En la primera ronda de Wimbledon derrotaron 6-1, 6-3 al estadunidense Joshua Cohen y al australiano Raphael Durek; luego, aplicaron un 6-4, 7-6 (4) al hongkonés Jonathan Chu y al esloveno Matija Zgaga; y en los cuartos de final, por 6-3 y 7-6 (4) al indio Sunil-Kumar Sipaeya y al australiano Clint Charles.
En las semifinales, batallaron para vencer 4-6, 7-6 (3), 6-4 al jamaicano Ryan Russell y al esloveno Luka Gregorc.
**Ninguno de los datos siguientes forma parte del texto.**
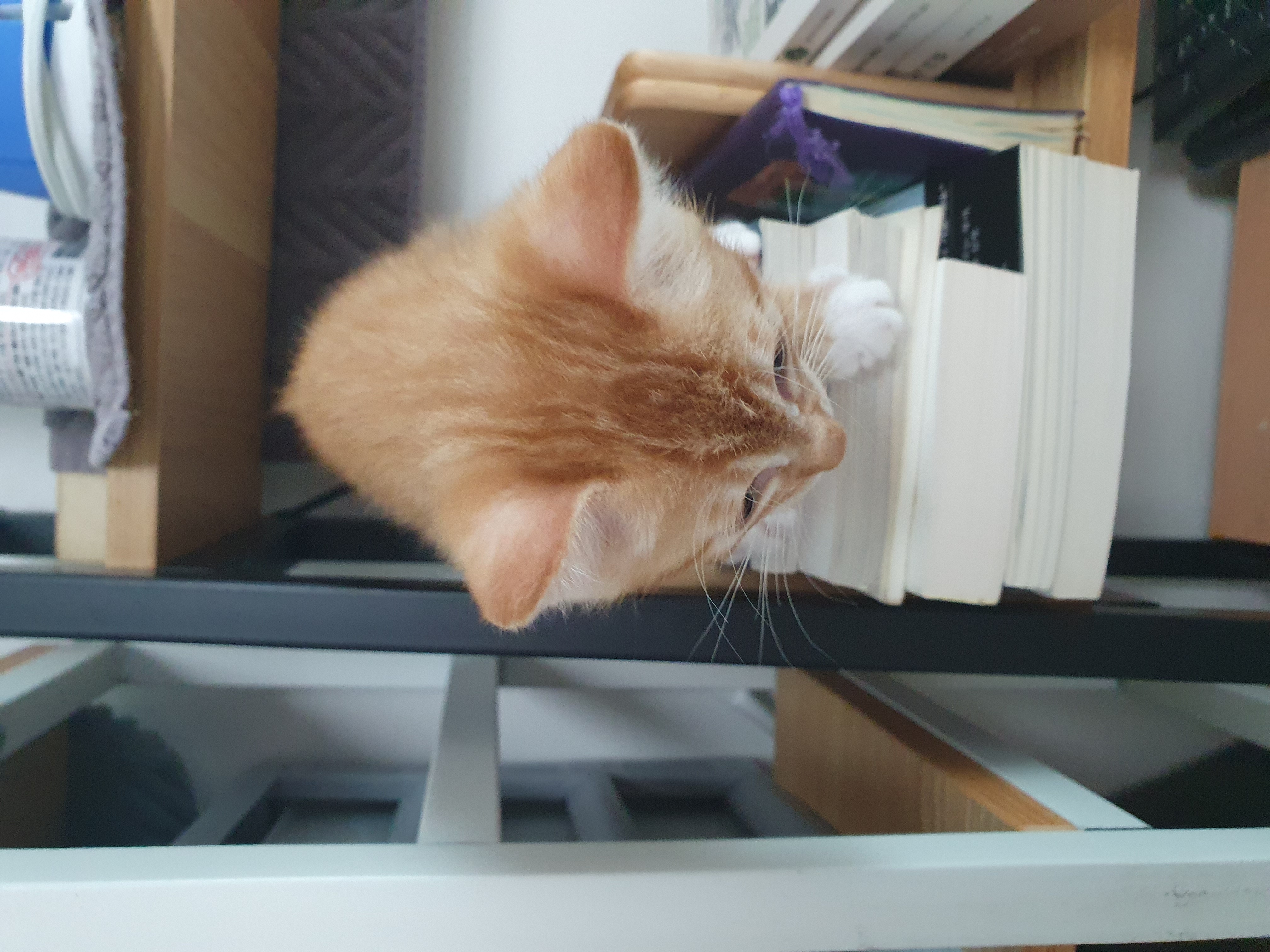 책장 사이 틈을 발견한 송이가 그 밑에 숨자,

Finalmente, en el partido por el título fueron superados por el canadiense Frank Dancevic y el ecuatoriano Giovanni Lapentti por 1-6, 4-6.
Hay quienes dicen equivocadamente ─sobre todo quienes saben muy poco del deporte─ que nadie recuerda a quien quedó en el segundo lugar. Bruno y Santiago, sin embargo, acapararon los elogios no sólo por su destacada actuación en Wimbledon de 2021, sino porque el tenis que desplegaban era y sigue siendo memorable.
Como era de esperarse, cerraron aquellos años de ensueño cosechando más títulos: de nueva cuenta el Eddie Herr y la Copa Yucatán, y de paso llegaron a la final del Orange Bowl.
Cerraron su etapa juvenil con 106 triunfos y 26 derrotas. Además, como singlista Bruno fue el 6 del mundo, con foja de 101-41 y cuatro títulos, entre ellos el de los prestigiosos Campeonatos Eddie Herr. Santiago alcanzó, a su vez, el sitio 17 mundial en individuales.
EL MAESTRO DE LAS NUEVAS GENERACIONES
Bruno, quien desde su academia trabaja en impulsar a los nuevos talentos, compartió en sus redes: “Wimbledon era el sueño que perseguía como jugador. En 2001 tuve el privilegio de disputar la final de dobles del Campeonato Juvenil de Wimbledon representando a México junto a mi gran amigo Santiago González».
Y, emotivo, subrayó: «Hoy ese mismo sueño tiene un significado diferente; ya no lo persigo para mí. Trabajo cada día para ayudar a que la próxima generación de jugadores construya el suyo».
PIEZAS CLAVE DEL TENIS MEXICANO
Bruno Echagaray llegó como profesional al sitio 156 de singles en el ránking mundial ATP y al 162 en dobles. En su academia de tenis desarrolla talentos que nutren al tenis mexicano, como Rafaela Reséndiz, entre tantos otros, finalista en semanas recientes de prestigiosos torneos categoría U12 en Europa.
Ha entrenado a Santiago González y de manera constante está al frente de representativos mexicanos de tenis infantil y juvenil en giras internacionales.
Santiago, a su vez, se ha convertido en el tenista profesional más importante de México en la rama masculina durante el siglo XXI. Fue top 10 de dobles, es top 100 constante de la ATP y con un cúmulo de logros, títulos y éxitos disfruta del tour profesional en compañía de los amores de su vida: su esposa y sus hijos.
-Héctor Olivares (reportero/redactor FMT).